Here used to sit Marilyn Jensen
next to her coffee
Shhh! Her pile of papers
occasionally
pushed her coffee over
sometimes she slapped the table
and her cup jumped
oh shuck!
but your dialogues sounded better
Her trademark “who’s your market”
drove your storyplot to target
her mere scribble or two
rid your sentence of woes
Her deft pen looped an awkward phrase
Like a seamstress played with ribbon
Here sits Marilyn Jensen
Always in session
She watches the club members
forces us to remember
That writers, riders of lofty standards
don’t try to dash off the yards
to skip, to fake, bypass
perfection. Be on guard!
Here stay Marilyn’s splatters
On page fifty of my manuscript
Her note: My cat leaped where it matters
Love this sentence. Watch your tenses
why “Memoir”
In your title?
The last of Marilyn I sought
tiny in cotton shorts.
too hot for an autumn day
California writhed in its third year of drought
And writers like Marilyn struggled
to fill the thirst of those parched and wrestled.

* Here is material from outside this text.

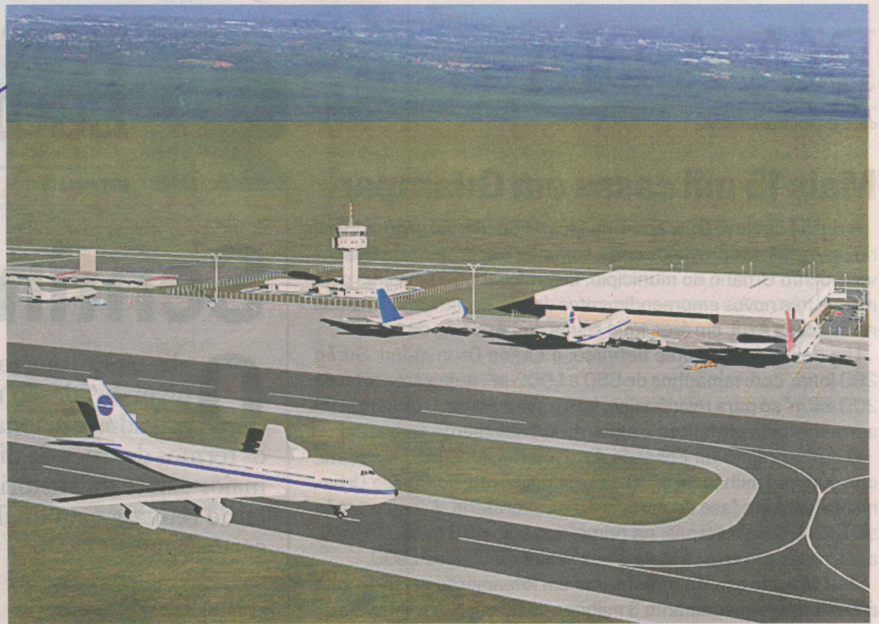
PERSPECTIVA da pista do aeroporto da Serra, que, com 3 mil metros de comprimento, será maior que a de Vitória

But Marilyn, like me, was getting older
And the world of water shortage, gun-filled
The world of emoticons in bytes–illed
blogged, posted. This world of Facebook, Twitter
wasn’t the one Marilyn loved
Yet, she tried
Lone dove against a storm.
“I don’t know what I’ve done
I fear I killed this one.
At first it was a virus
then Windows 8…the Beetlejuice
I’ve created a mess
a jumble tangle of cords
ugly as my spleen
And now they’re useless.”
So I checked
behind her credenza
an old pencil
A paper clip
hairpins
dust bunnies and spiderwebs
a mix of delight and surprise
to Marilyn
Pencil, paper clip, hairpin
she kept
the rest to the dustbin
I pawed the ball of wires, connecting
DSL, monitor, mouse, keyboard, computer
everything else but her.
They pronged the outlets and blip,
that devil of a machine took power
Word by word, line by line
The last chapters of her historical novel so fine
re-summoned, a marvel of
Eight painful years of sweat combined
her words from blood of love.
Marilyn’s narration of the nation’s VPs
fated to be presidents
of the United States
Words by words in her first-rated
style
built to perfection
Marilyn
Marilyn, normal citizen
cadet nurse , wife, mother, teacher, historian,
and most importantly, writer
sworn to be faithful
to her God and word.
Our Marilyn
wrung her hands
a bit confused
the instant her monitor lit up
How in the world did this thing
dead
so effortlessly quickened
she said.
“Thank God! My work isn’t lost,”
breathless Marilyn sighed, relieved
not knowing, a final plot twist required
her gentle writer’s soul
be woven into her masterpiece
to leave
her body cold.
May peace be with dear Marilyn,
faithful always
Editor’s note: Marilyn Jensen, an integral member of the Writer’s Club of Whittier for over forty years, died October 19, 2014, after a brief illness.